Other Catalogs: Barnard 85
Right Ascension: 18 hrs 2 m
Declination: -23° 2'
Apparent Magnitude: 6.3
Date: July 2010
Telescope: Meade 16" Schmidt Cassegrain with f6.3 reducer (at f6.0)
Camera: SBIG ST-10XE
L: 58x1 minute, binned 1x1
R:G:B: 12x3 minutes, binned 2x2
The camera was at -30°C to -35°C, over several nights.
Processing Notes: Data acquisition with CCDSoft. Reduced and aligned in CCDStack. Subs combined in Sigma Beta. Arcsine stretch import of L into Photoshop. Adjusted curves and levels. Slight blur on the dim areas and sharpening on non-star bright areas. Faded minimum filter on the brighter stars. RGB combined in AstroArt at 1:1.1:2.0 ratio (increased blue because of atmospheric extinction).

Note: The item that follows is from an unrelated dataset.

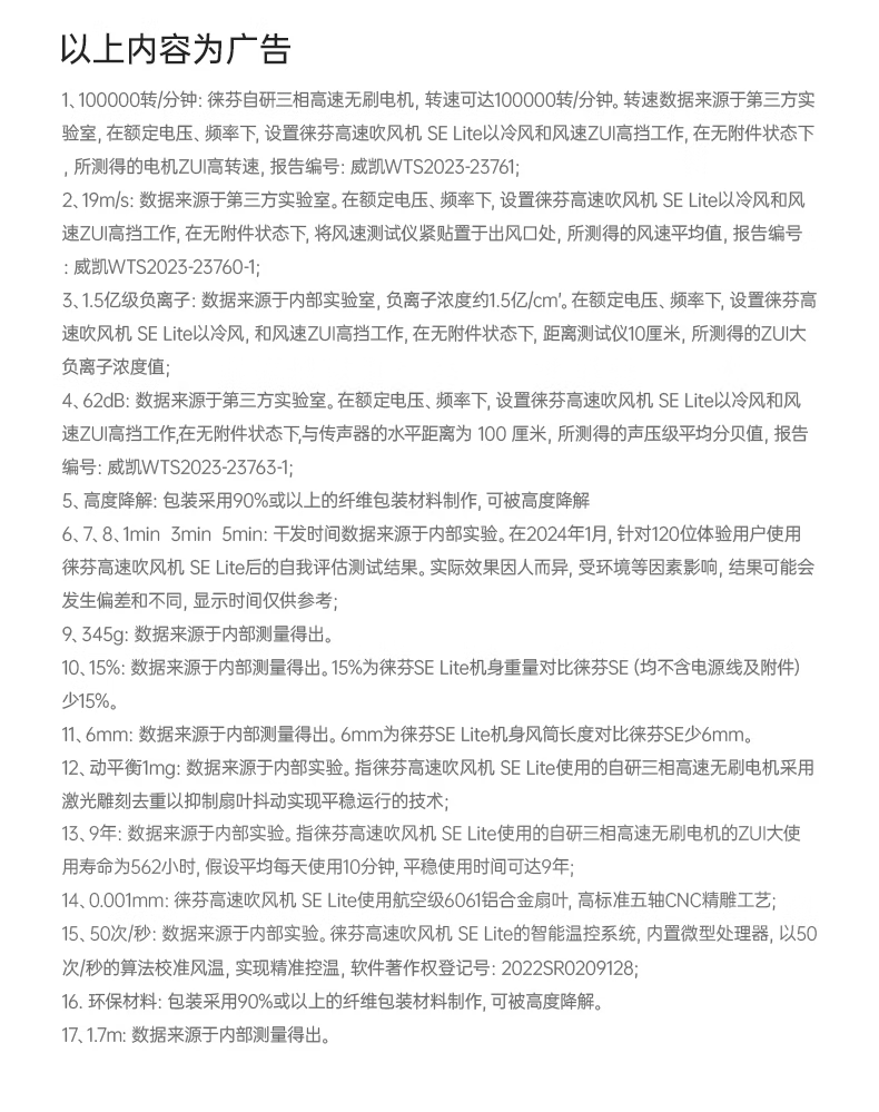 积分免费兑:徕芬Laifen SE Lite 家用入门款高速吹风机 莱芬大风力速干低噪音学生宿舍便携风筒 女生礼物 SE lite亮白色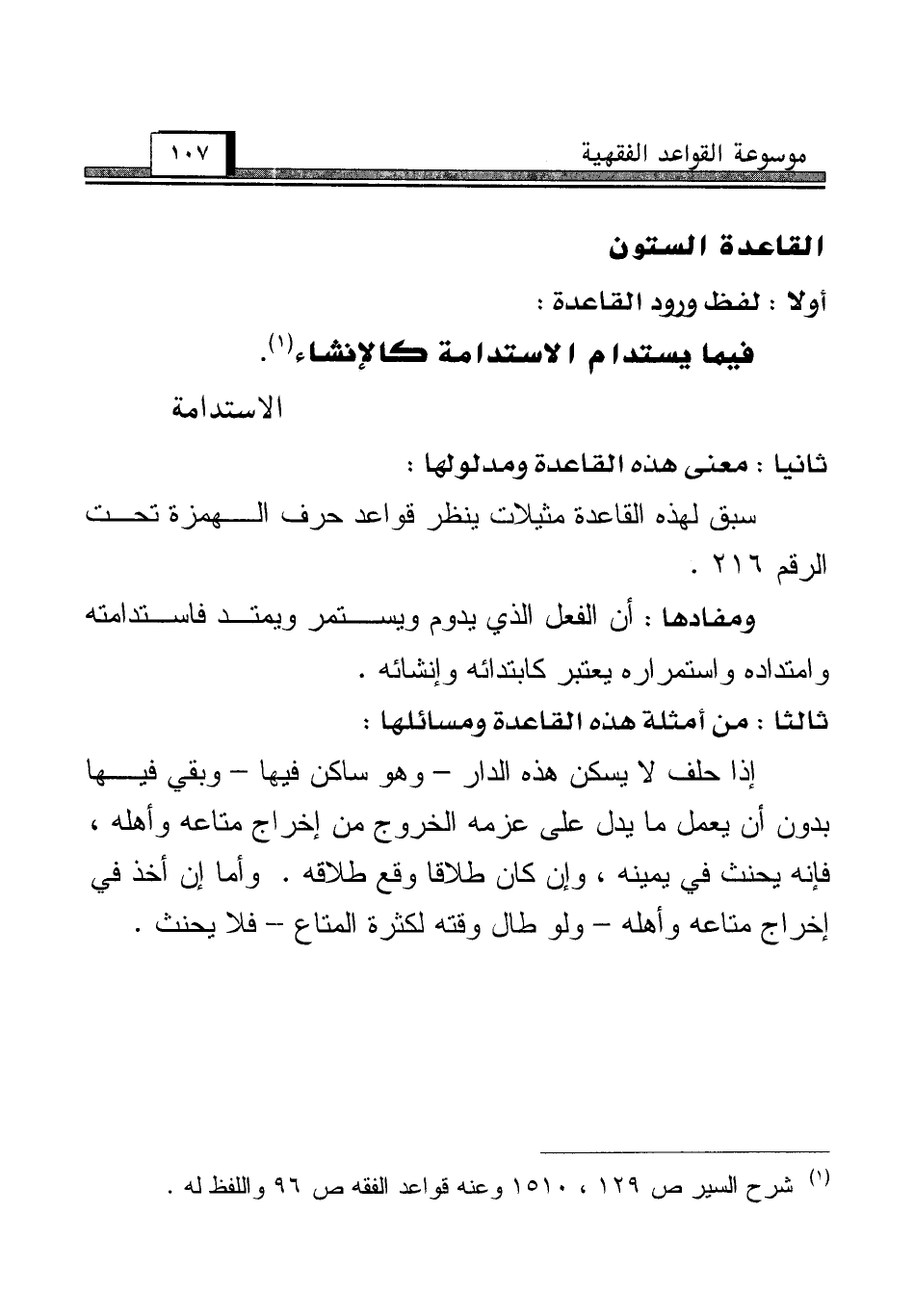(¬1) شرح السير ص 129، 1510 وعنه قواعد الفقه ص 96 واللفظ له.

Adjusted curves and levels, and reduced noise of RGB. Both L and RGB files required "star repair" on the very bright stars. L was combined with RGB using three layers: Luminance on the bottom; desaturated RGB as a multiply(30%) layer; and RGB as a color layer on top. Final stretch and tweak in Photoshop.
Links to images of this object on other sites:
Additional Comments: A previous version of the trifid taken at the FLC observatory, using a 10" LX-200 temporarily installed in the dome in 2008 when the main circuit board for the 16" needed repair, can be seen here: http://www.fortlewis.edu/observatory/image_detail.asp?ID=90
A note on the colors: To get an emission nebula, you need very hot stars that emit ultraviolet radiation. The ultraviolet photons are energetic enough to "excite" the electron in a hydrogen atom into a higher energy state. When these excited electrons decay from one of the many higher excited states into the first excited state, the photons emitted are part of the Balmer series. The lowest energy transition in this series is going from the second to the first excited state, in which case a red, H-alpha (656.3nm) photon is emitted. Going directly from the third excited state to the first excited state, the atom will emit an H-beta photon (486.1nm). The ratio of the red H-alpha and cyan H-beta give an emission nebula its' magneta color. Note that when an electron decays to the ground state, which is a much larger energy drop, an ultraviolet photon is emitted. For more information, see: http://en.wikipedia.org/wiki/Balmer_series The blue nebular region is simply a reflection from the very hot nearby stars.